DNA methylation can affect chromatin structure and transcriptional regulation and thereby impact on biochemical and/or morphological phenotypes. However, for DNA methylation-associated phenotypes to persist it requires that the responsible DNA methylation states (epialleles) are heritable, either meiotically (e.g. via seeds) or mitotically (e.g. via vegetative propagation). To determine whether the differences in DNA methylation observed between EAHB clones are heritable and thus able to contribute to adaptation of cultivars, we performed a further MSAP analysis to investigate DNA methylation levels and CCGG patterns in groups of parents and their meiotic (seed) and mitotic (vegetative propagated) progeny. Specifically, we generated sexual (meiotically derived) families by crossing four parental varieties of EAHB with a wild diploid cultivar, Calcutta4, as shown in Fig. 7a, to generate four sets of F1 offspring which were then backcrossed to generate divergent F2 offspring; 13 of these were randomly selected for analysis, giving 52 F2 in total. In addition, asexual (clonal) vegetatively propagated families were assessed from nine groups of clonally propagated parents and between two and four of their progeny. DNA methylation profiles were then analysed in all these meiotic and mitotic families using 10 primer combinations.

Fig. 7
figure 7

Mean percentage of CCGG methylation states sites at 1868 loci assessed across a four sexual families, comprising F0 (parents), F1s (tetraploids from a cross between wild calcutta4 and maternal landrace triploid EAHB) and F2s hybrids (triploids derived from a cross of a tetraploids with improved male diploids) and b asexual families represented by the mother plant and first cycle clonal plantlets derived through sucker vegetative propagation

A total of 1868 loci were analysed of which 98% were methylated (MSL), with the remainder non-methylated (NML); the error rate per primer combination was 0.05. As before, the MSL was found to be significantly more diverse than the NML (Shannon's Diversity Index (I) = 0.3345; SD 0.2057 vs I = 0.2060; SD 0.076; Wilcoxon rank sum test with continuity correction W = 36,128; P < P = 0.00156).

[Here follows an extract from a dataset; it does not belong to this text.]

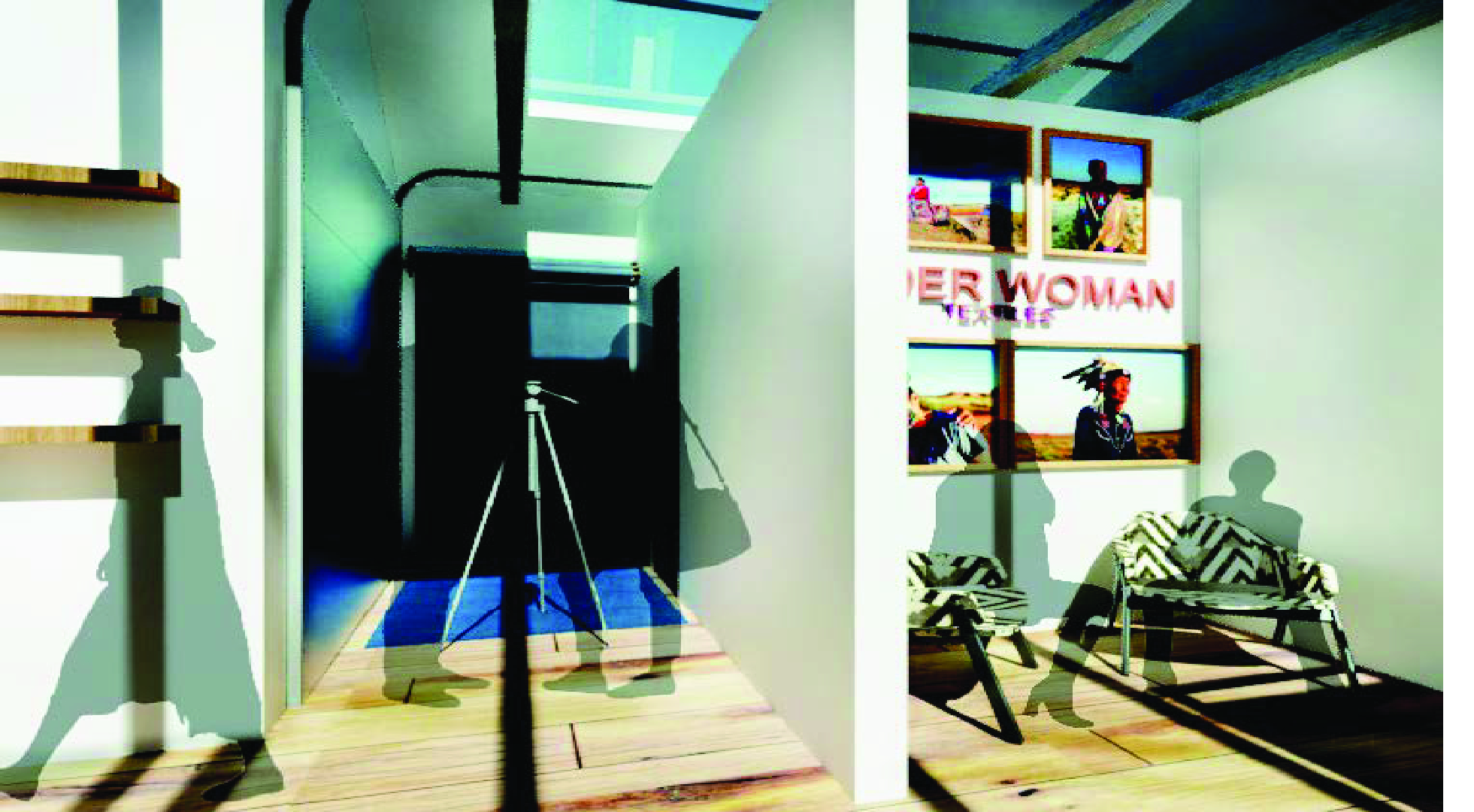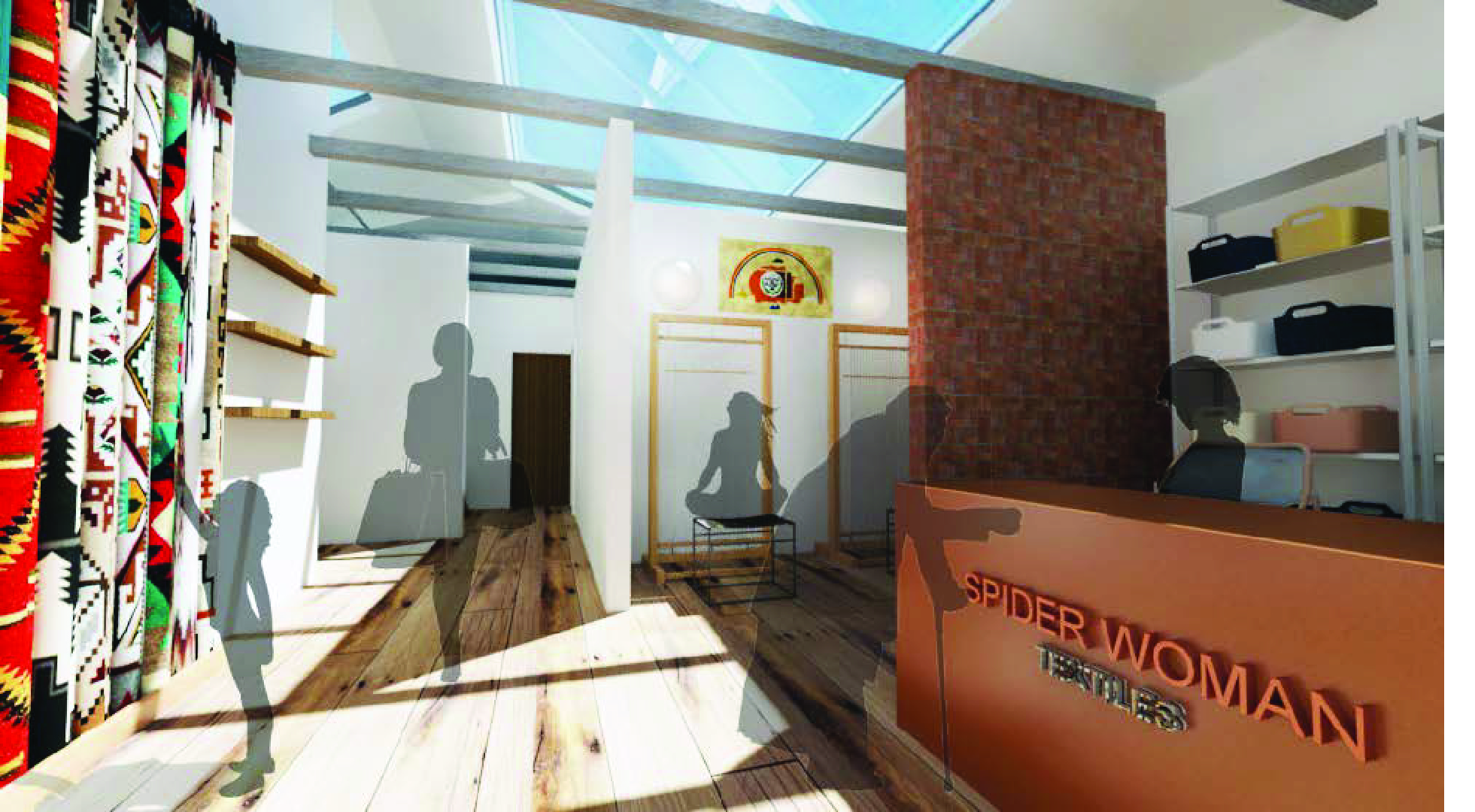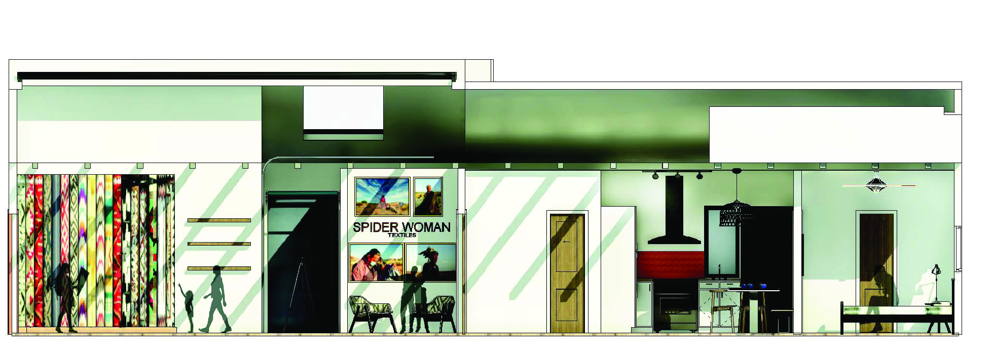 Spider Woman Textiles was designed in three shipping containers to support a Navajo couple who made textiles to sell to the community. The couple wanted to live in a sustainable way as well as wanting to keep their Navajo traditions alive. The clients not only wanted to live out of their space but also wanted to use it as a commercial space to sell and make their textiles. For our clients, my partner and I did research on the traditions and culture of the Navajo community allowing us to specify materials, and furniture to keep the traditions and culture of the Navajo community to help feel at home. The programming called for a living and workspace for the couple as well as a flex space, dining area that can seat up to ten people, and a guest bedroom and bath in addition to a master bed and bath, photography area, makerspace, showroom, Cashwrap-area and storage, all to fit comfortably in the size of three shipping containers.
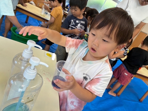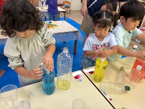 ひよこ組の子ども達もコップに好きな色を混ぜて、「こんな色出来た!」と見せてくれました。

When progeny produced by the sexual (seed, meiotic) and asexual (clonal, mitotic) modes of propagation was compared, both were found to be highly polymorphic in both their MSL and NML fractions: 85% and 74% for MSL in the sexual and asexual progeny and 100% and 87% in the NML. In all cases, these were significantly diverse by Shannon's Diversity Index (Table 2). A mantel test for correlation among the MSL and NML profiles of the two reproductive methods shows no significant correlation in the meiotic populations while small amount of significant correlation is seen in vegetative propagated populations (Table 2; r = 0.13 and P = 0.092 vs r = 0.276; and P = 0.018), suggesting that meiotic recombination led to segregation of these loci.

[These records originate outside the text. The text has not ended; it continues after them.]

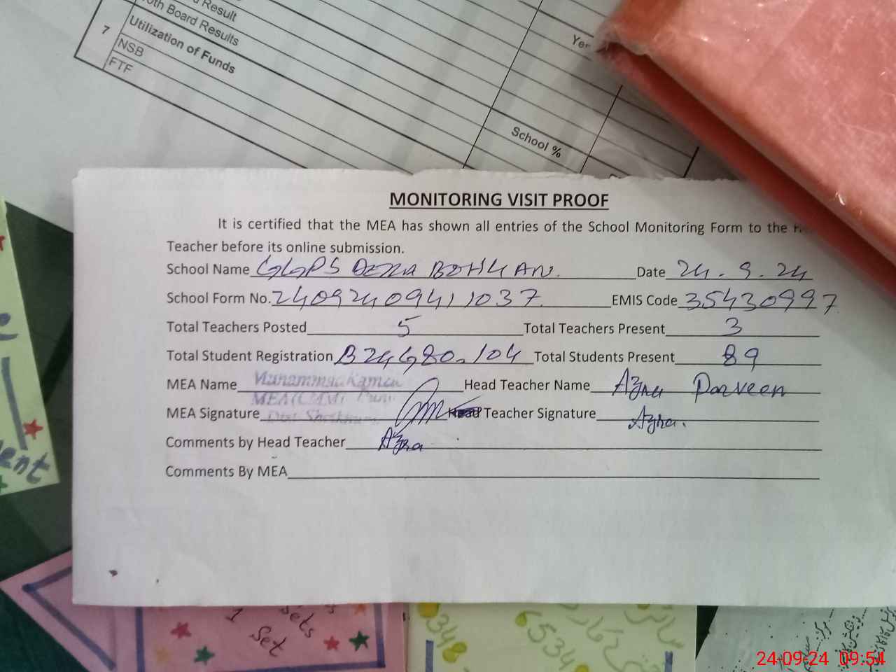 | Attendance Register | Head Teacher | MEA with School | Visit Proof |
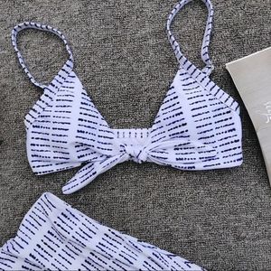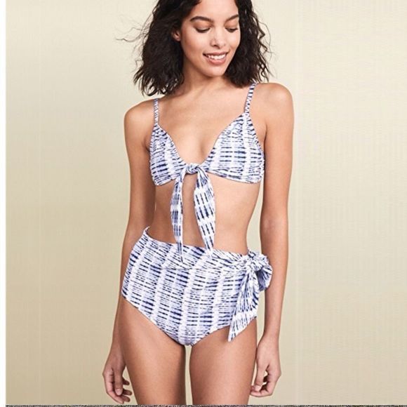 Triangle scoop neck top with tie detail. High waisted full coverage bottom with side tie. Fits true to size. Size Small fits 4/6
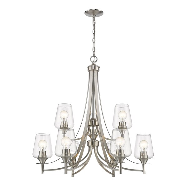 Designed with sleek metal lines and an elegant silhouette, this brushed nickel chandelier is a stunning home decor upgrade. This nine-light fixture features clear glass shades for a magnificent display of light.
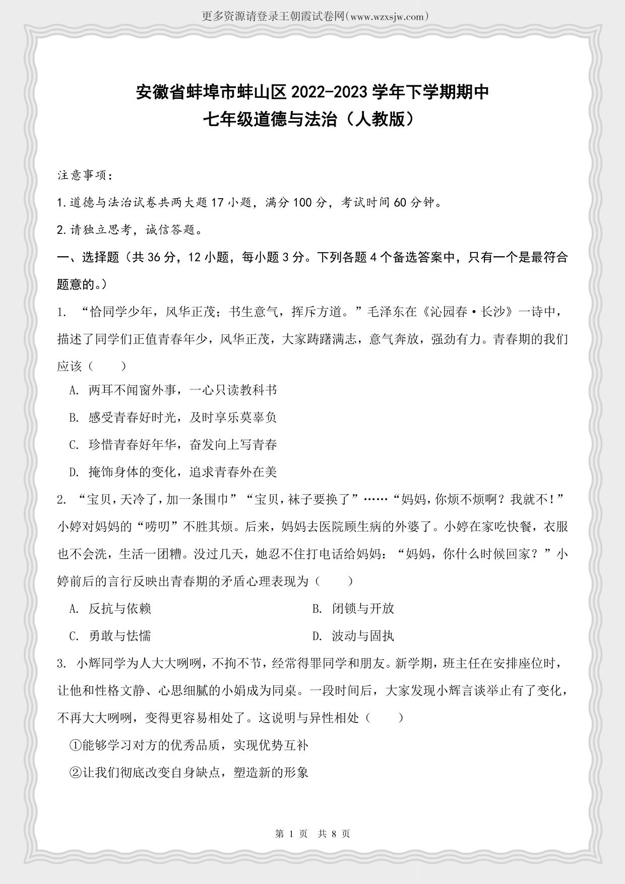 安徽省蚌埠市蚌山区2022-2023学年下学期期中七年级道德与法治(人教版)
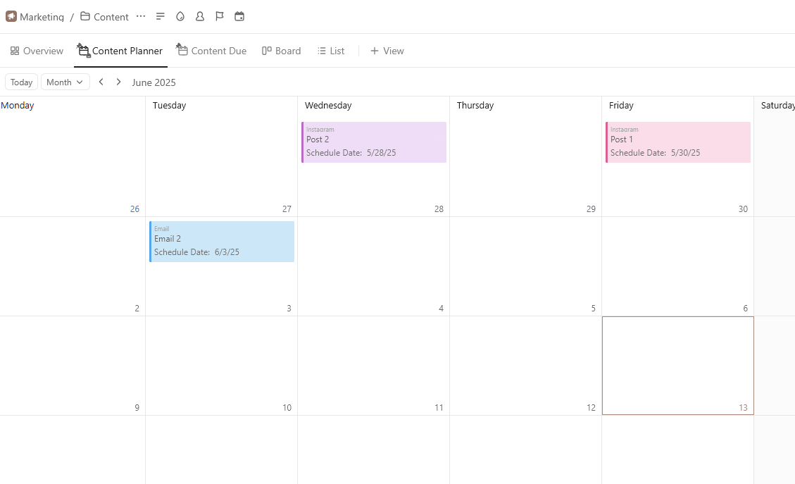 Marketing content calendar

Table 2 Methylation level and status in meiotic families versus the vegetative clones. Number and frequency of variant methylation patterns, Shannon's Diversity Index (I) and φ-ST of methylation susceptible loci (MSL) and nonmethylation susceptible loci (NML) in sexual and asexual vegetatively propagated EAHB groups across 1805 loci

The levels of CCGG-methylated sites in the parental lines (EAHB females; triploids and Calcutta 4; diploid), the F1 (tetraploids) and F2 (triploids) were then compared (Fig. 7a). Using Dunn’s test of multiple comparison, no significant variation in methylation levels as determined by MSAP was detected between any of the generations used to generate offspring meiotically within families derived from an F0 parent. In addition, no variation was found in the levels of each type of methylation across all families. A lack of significance is also observed with respect to differences in methylation levels of vegetatively propagated offspring and their parents, and this observation holds true both within and between vegetatively propagated families (Fig. 7b). Comparing the generations across the two subpopulations shows no significant difference in the proportions of loci occupying each of the methylation states between the sexual and asexual populations.

Heritability of methylated loci in meiotic offspring versus mitotic offspring of East African Highland bananas

Methylated states (i.e. CCGG, CmCGG, mCmCGG and indeterminate methylated sites) present in the parents and their corresponding offspring were regarded as shared and therefore as potentially stably inherited. Methylation occurring in the offspring and not in their parents was regarded as novel. Loss of methylation was considered as methylation present at a locus in the parents that was missing in their respective offspring. Significant differences in abundances of the methylation states were not detected between parent(s) and subsequent generations using one-way ANOVA and Tukey’s test. Of note is an inability of this analysis to completely rule out novel epigenome reorganization that coincidentally matches the state of the parent. Efforts were made to account for de novo methylation states in the F2 that happened to match the F1 father, where analysis shows evidence for biased inheritance of one site type over others in certain contexts. However, none of the sites analysed offer convincing evidence of methylation-sensitive loci that are stably inherited in unique contexts.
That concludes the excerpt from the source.